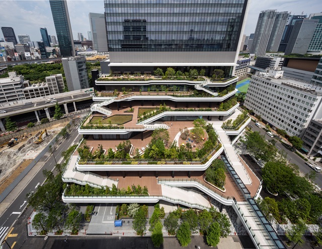 JR浜松町駅直結の広大なデッキがある、緑豊かな物件です。
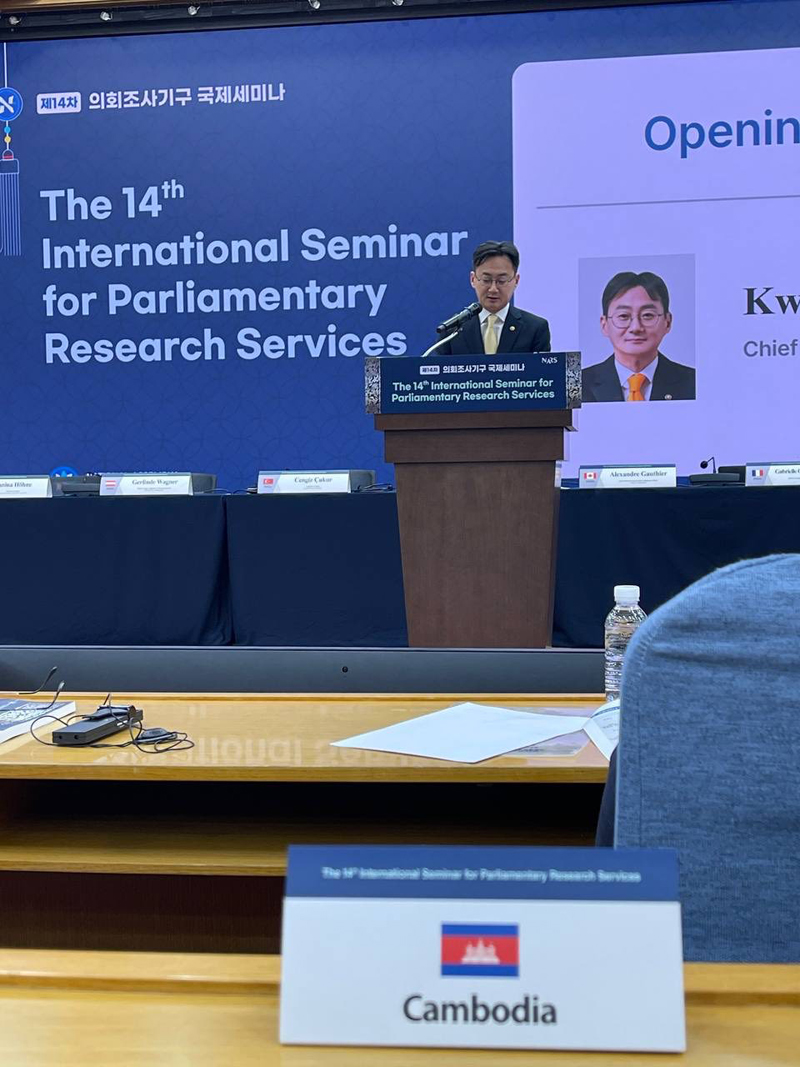 Seoul, 21–22 October 2025 — H.E. Dr. Keo Piseth, Permanent Deputy Secretary-General and Chief of the Cabinet to the President of the National Assembly, led the NA Secretariat-General delegation to attend the 14th International Seminar for Parliamentary Research Services in the Republic of Korea.
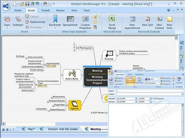 Mindjet MindManager – настоящее новаторское решение в современном ритме жизни. В отличие от отдельно взятых офисных приложений, данная программа включает в себя все необходимое для построения умного графика. Начиная от карт города с собственными отметками и заканчивая блокнотом – возможности куда больше. Достаточно скачать бесплатно Mindjet MindManager и установить на свой девайс для начала работы. Данное программное обеспечение (ПО) рассчитано на отдельно взятого потребителя или небольшую группу (например, отдел). Оно включает в себя графики, диагностику, новостную рассылку, карту города, личные заметки и т.д. Теперь не нужно работать с десятком программ и переключаться между ними, все их функции объединяет в себя «Mindmanager».
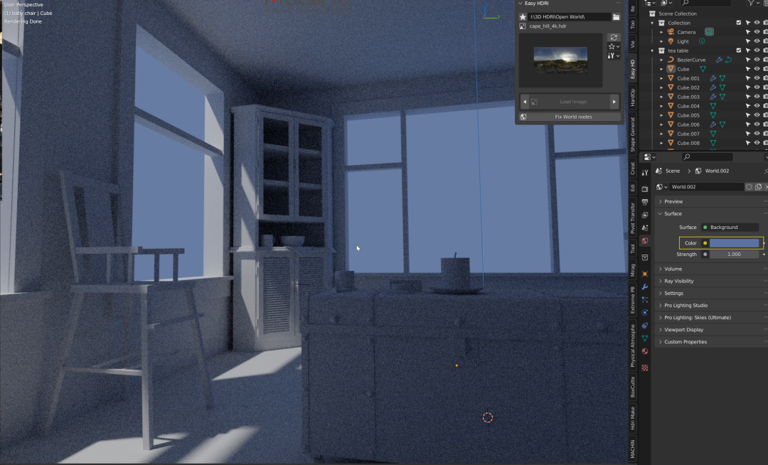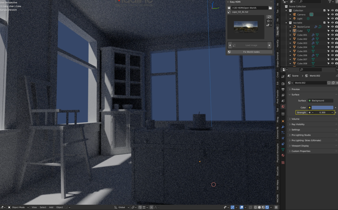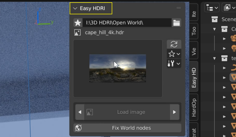 首先,安装下载文件里的 “EasyHDRI-1.0.1 2.8.zip” 插件,安装方法和以前的没区别,记得保存设置,然后你按 N 键打开插件栏,在侧边你就可以找到 Easy HDRI 插件了:

**AIM OF THE TASK**
Recopy the whole listing above precisely, excluding images.

**WRITTEN SOLUTION**
 JR浜松町駅直結の広大なデッキがある、緑豊かな物件です。
 Seoul, 21–22 October 2025 — H.E. Dr. Keo Piseth, Permanent Deputy Secretary-General and Chief of the Cabinet to the President of the National Assembly, led the NA Secretariat-General delegation to attend the 14th International Seminar for Parliamentary Research Services in the Republic of Korea.
 Mindjet MindManager – настоящее новаторское решение в современном ритме жизни. В отличие от отдельно взятых офисных приложений, данная программа включает в себя все необходимое для построения умного графика. Начиная от карт города с собственными отметками и заканчивая блокнотом – возможности куда больше. Достаточно скачать бесплатно Mindjet MindManager и установить на свой девайс для начала работы. Данное программное обеспечение (ПО) рассчитано на отдельно взятого потребителя или небольшую группу (например, отдел). Оно включает в себя графики, диагностику, новостную рассылку, карту города, личные заметки и т.д. Теперь не нужно работать с десятком программ и переключаться между ними, все их функции объединяет в себя «Mindmanager».
 首先,安装下载文件里的 “EasyHDRI-1.0.1 2.8.zip” 插件,安装方法和以前的没区别,记得保存设置,然后你按 N 键打开插件栏,在侧边你就可以找到 Easy HDRI 插件了:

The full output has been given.